• _What the task asks_:
Below are the records; retype them exactly and omit each picture.

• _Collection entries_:
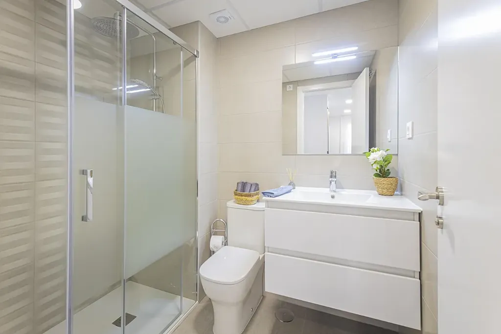 Apartmány mají bezpečnostní vstupní dveře a bílé lakované interiérové dveře s nerezovým kováním. Bílé monoblokové žaluzie a dvojitá okna s izolační vzduchovou komorou. V hlavní ložnici je vestavěná skříň s posuvnými dveřmi, s horní policí, šatní tyčí a tří zásuvkovou komodou.
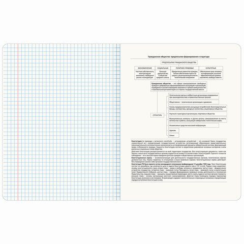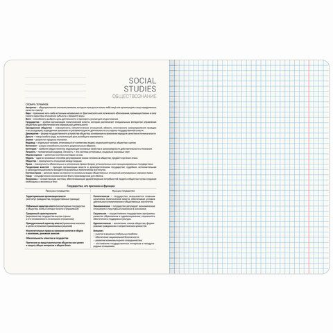 Тетрадь по обществознанию 48 листов, формат А5 (165х202 мм). Изготовлена из высококачественной офсетной бумаги 100% белизны плотностью 60 г/м2. Листы соединены скобами. Линовка блока – в клетку, поля красные. Обложка выполнена из мелованного картона плотностью 190 г/м2. В справочном материале собраны основные подсказки по школьному предмету для учащихся.
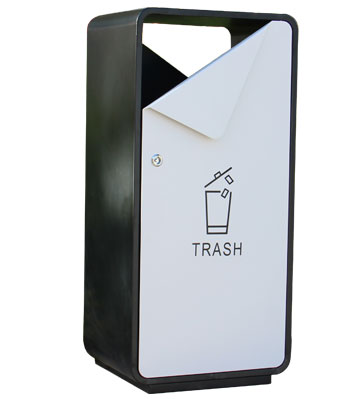 桶頭R角弧度防撞設(shè)計(jì),投口折紙創(chuàng)意設(shè)計(jì),使這款戶外果皮箱在城市擺放新穎時(shí)尚,黑白色調(diào)方形外觀可雙向果皮垃圾投放,不銹鋼烤漆戶外防銹升級(jí)耐用!
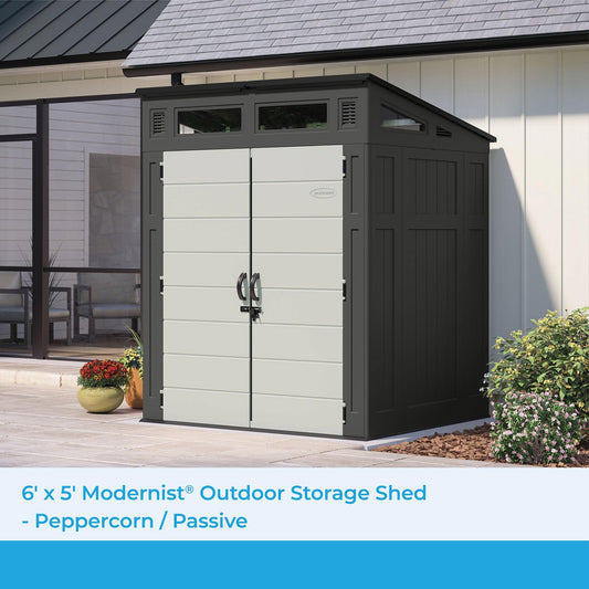 Suncast 6' x 5' Modernist Storage Shed for Yard Storage, All-Weather Outdoor Storage Shed with 2 Lockable Doors and Windows, Peppercorn
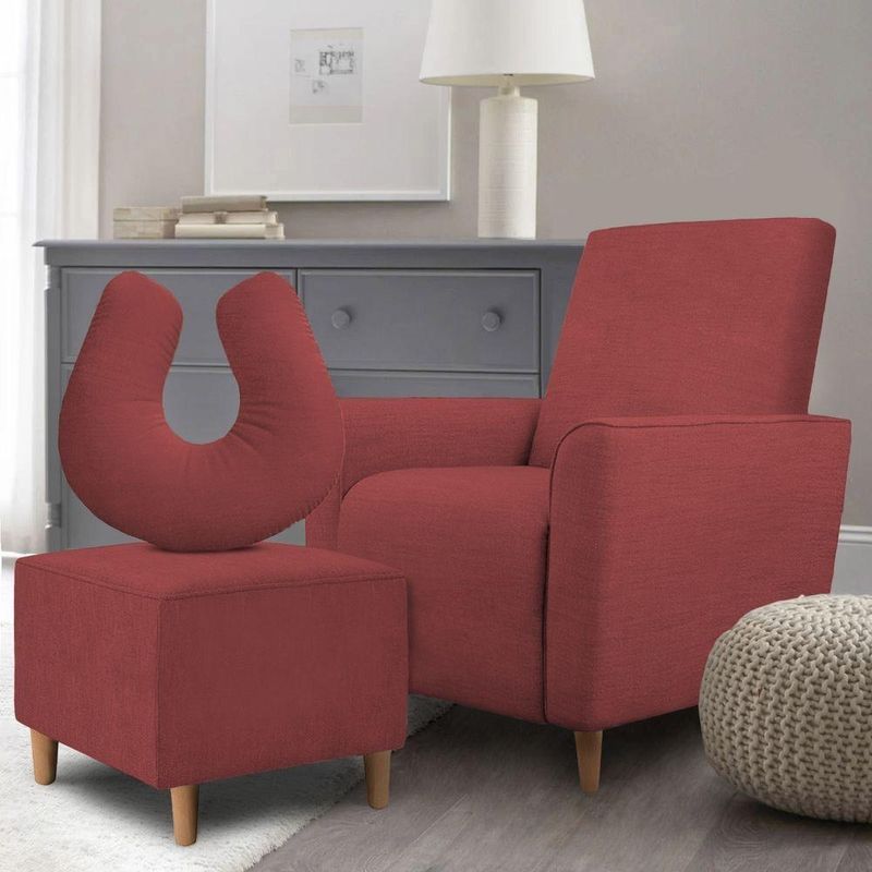 Kit Amamentação Poltrona + Puff + Almofada Julia Suede BordoUma peça indispensável para as mamães!produzida com matéria prima de excelente qualidade, oferece muito conforto e auxilia em um dos momentos mais importantes, a amamentação!Além de deixar o ambiente mais agradavel.O KIT CONTA COM OS SEGUINTES ITENS:1- poltrona1- puff para apoiar os pés1- alfomada para amamentaçãoDIMENSÔES POLTRONA:-Altura: 98 cm-Largura: 70 cm-Profundidade: 70 cmDIMENSÕES PUFF-Altura: 40 cm-Largura: 50 cm-Profundidade: 40 cmMONTAGEMO produto vai montado, sendo necessario apenas rosquear os pés.ESPECIFICAÇÕES:- Estrutura de madeira tratada- Pés de madeira- Quantidade de volume: 01- Suporta até 130kg- Tecido SuedeOBSERVAÇÕES:- A cor pode sofrer variações devido ao monitor ou lote do tecido.- Por se tratar de um estofado, as medidas podem ter uma pequena variação no tamanho de 3cm;
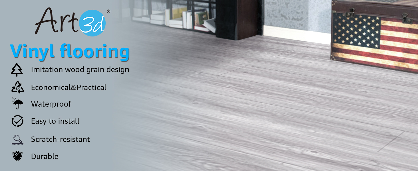 A43701NA10-Art3d 15 Sq.ft Peel and Stick Floor Tiles, 10Pcs Luxury Vinyl Plank Flooring Wood Look, 36" × 6" Adhesive and Waterproof Tile Sticker for Bedroom, Living Room, Kitchen, Gray
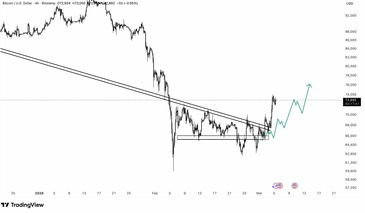 Went for a retest around the support of 65K then went back to our bullish scenario
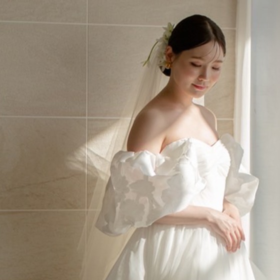 ボリュームたっぷりのスリーブや、フラワージャガードが華やかな印象なため
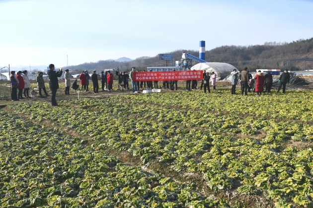 1月9日,河南省“四優(yōu)四化”優(yōu)質(zhì)蔬菜專(zhuān)項黃心菜標準化生產(chǎn)技術(shù)集成與示范現場(chǎng)觀(guān)摩會(huì )在浉河區柳河翠蔬菜專(zhuān)業(yè)合作社召開(kāi)。河南省“四優(yōu)四化”優(yōu)質(zhì)蔬菜專(zhuān)項負責人、中原學(xué)者張曉偉研究員,省農科院原玉香研究員、王志勇副研究員,我院副院長(cháng)王青林、總農藝師段斌出席會(huì )議,市蔬菜辦、市種子管理站、市農產(chǎn)品質(zhì)檢中心、信陽(yáng)農林學(xué)院、浉河區農檢站等相關(guān)工作人員和蔬菜專(zhuān)業(yè)合作社負責人以及蔬菜種植戶(hù)共60余人參加了觀(guān)摩會(huì )。
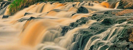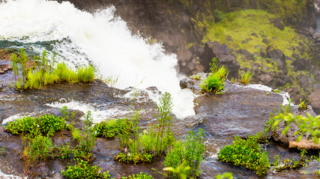 detail of the Murchison Falls with green overgrown rock formation in Uganda (Africa)
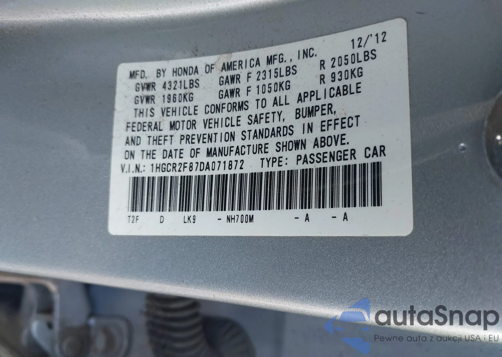 • VIN 1HGCR2F87DA071872
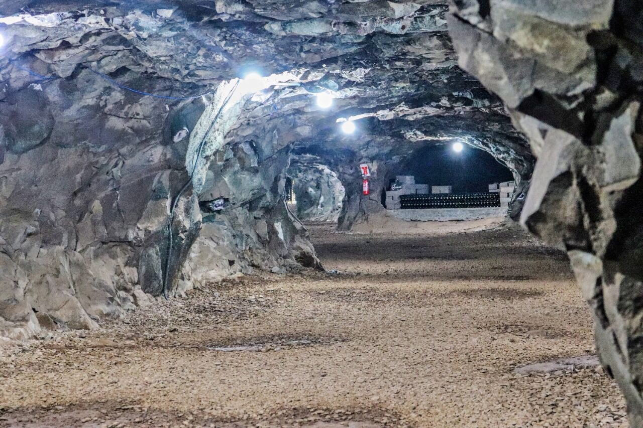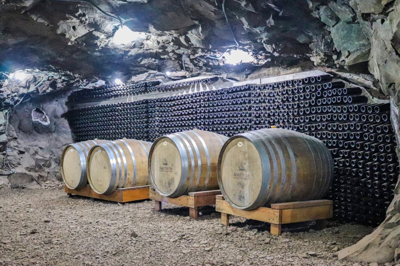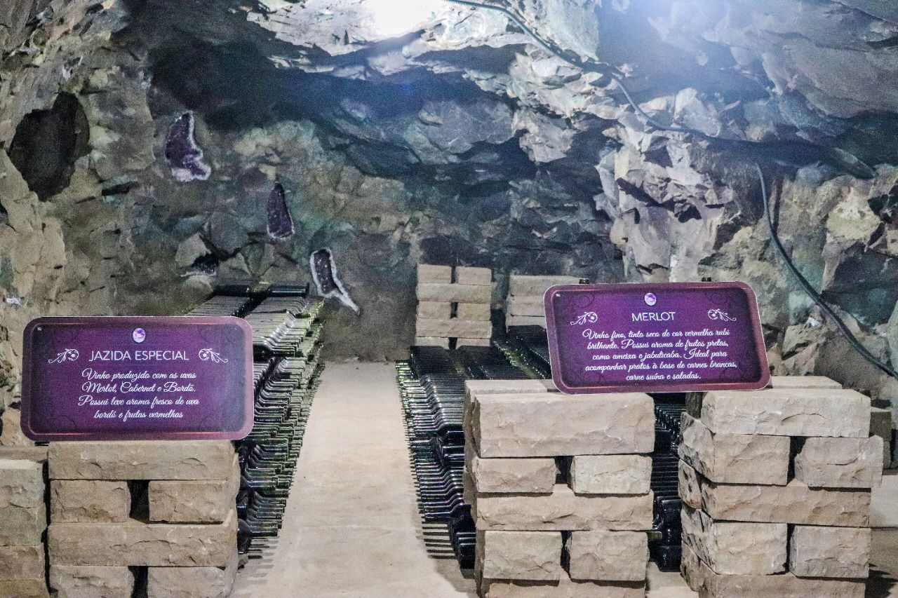 280 mil litros por safra. Os vinhos são armazenados em uma antiga mina de extração de geodos, com cerca de 300 metros de profundidade, onde a temperatura se mantém de

• _Exercise output_:
 Apartmány mají bezpečnostní vstupní dveře a bílé lakované interiérové dveře s nerezovým kováním. Bílé monoblokové žaluzie a dvojitá okna s izolační vzduchovou komorou. V hlavní ložnici je vestavěná skříň s posuvnými dveřmi, s horní policí, šatní tyčí a tří zásuvkovou komodou.
 Тетрадь по обществознанию 48 листов, формат А5 (165х202 мм). Изготовлена из высококачественной офсетной бумаги 100% белизны плотностью 60 г/м2. Листы соединены скобами. Линовка блока – в клетку, поля красные. Обложка выполнена из мелованного картона плотностью 190 г/м2. В справочном материале собраны основные подсказки по школьному предмету для учащихся.
 桶頭R角弧度防撞設(shè)計(jì),投口折紙創(chuàng)意設(shè)計(jì),使這款戶外果皮箱在城市擺放新穎時(shí)尚,黑白色調(diào)方形外觀可雙向果皮垃圾投放,不銹鋼烤漆戶外防銹升級(jí)耐用!
 Suncast 6' x 5' Modernist Storage Shed for Yard Storage, All-Weather Outdoor Storage Shed with 2 Lockable Doors and Windows, Peppercorn
 Kit Amamentação Poltrona + Puff + Almofada Julia Suede BordoUma peça indispensável para as mamães!produzida com matéria prima de excelente qualidade, oferece muito conforto e auxilia em um dos momentos mais importantes, a amamentação!Além de deixar o ambiente mais agradavel.O KIT CONTA COM OS SEGUINTES ITENS:1- poltrona1- puff para apoiar os pés1- alfomada para amamentaçãoDIMENSÔES POLTRONA:-Altura: 98 cm-Largura: 70 cm-Profundidade: 70 cmDIMENSÕES PUFF-Altura: 40 cm-Largura: 50 cm-Profundidade: 40 cmMONTAGEMO produto vai montado, sendo necessario apenas rosquear os pés.ESPECIFICAÇÕES:- Estrutura de madeira tratada- Pés de madeira- Quantidade de volume: 01- Suporta até 130kg- Tecido SuedeOBSERVAÇÕES:- A cor pode sofrer variações devido ao monitor ou lote do tecido.- Por se tratar de um estofado, as medidas podem ter uma pequena variação no tamanho de 3cm;
 A43701NA10-Art3d 15 Sq.ft Peel and Stick Floor Tiles, 10Pcs Luxury Vinyl Plank Flooring Wood Look, 36" × 6" Adhesive and Waterproof Tile Sticker for Bedroom, Living Room, Kitchen, Gray
 Went for a retest around the support of 65K then went back to our bullish scenario
 ボリュームたっぷりのスリーブや、フラワージャガードが華やかな印象なため
 1月9日,河南省“四優(yōu)四化”優(yōu)質(zhì)蔬菜專(zhuān)項黃心菜標準化生產(chǎn)技術(shù)集成與示范現場(chǎng)觀(guān)摩會(huì )在浉河區柳河翠蔬菜專(zhuān)業(yè)合作社召開(kāi)。河南省“四優(yōu)四化”優(yōu)質(zhì)蔬菜專(zhuān)項負責人、中原學(xué)者張曉偉研究員,省農科院原玉香研究員、王志勇副研究員,我院副院長(cháng)王青林、總農藝師段斌出席會(huì )議,市蔬菜辦、市種子管理站、市農產(chǎn)品質(zhì)檢中心、信陽(yáng)農林學(xué)院、浉河區農檢站等相關(guān)工作人員和蔬菜專(zhuān)業(yè)合作社負責人以及蔬菜種植戶(hù)共60余人參加了觀(guān)摩會(huì )。
 detail of the Murchison Falls with green overgrown rock formation in Uganda (Africa)
 • VIN 1HGCR2F87DA071872
 280 mil litros por safra. Os vinhos são armazenados em uma antiga mina de extração de geodos, com cerca de 300 metros de profundidade, onde a temperatura se mantém de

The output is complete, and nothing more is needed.